Для объективности, версия Великого Княжества Литовского сильно отличается. Например, они утверждают, что бой все-таки был. И, конечно режут правду матку о русских потерях — 9000 русских было зарублено. Самих литовцев, кстати, по этой версии было около 6000 тысяч, но источники позволяют говорить не более чем о 500 конных литовцев которые могли оказаться вообще в той области. Что еще позорнее, конечно.
В любом случае, это поражение Москвы трудно переоценить. Оно буквально переломило ход Ливонской Войны, результатом которой стали очень серьезные территориальные, людские и политические потери для Ивана Грозного.
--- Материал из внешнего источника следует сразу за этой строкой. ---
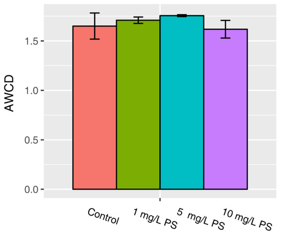 Average well-color development (AWCD) of all carbon sources. No significant difference (p > 0.05) was observed between the PS-introduced groups and the control.

Но, как не трудно догадаться, сражение это не очень известно. Зато битва при Молодях, где русские полки напротив, проявили удивительную стойкость, сейчас достаточно часто встречается. По крайней мере мне.
Но в том то и дело, что стойкость это удивительна, и вообще-то, обычным, здравомыслящим, людям не свойственна.
На протяжении веков сильные мира сего думали. Думали о разном, но много и часто, о том, как бы заставить других людей убивать и умирать за свои интересы.
Сейчас у нас есть серьезная социальная мотивация. И я остановлюсь на этой фразе.
Но если взять средневекового человека, чей мир кончался окрестностями его селения, и попытаться его мотивировать для похода в дальние края, с серьезными шансами там умереть… То я даже не знаю, как это сделать.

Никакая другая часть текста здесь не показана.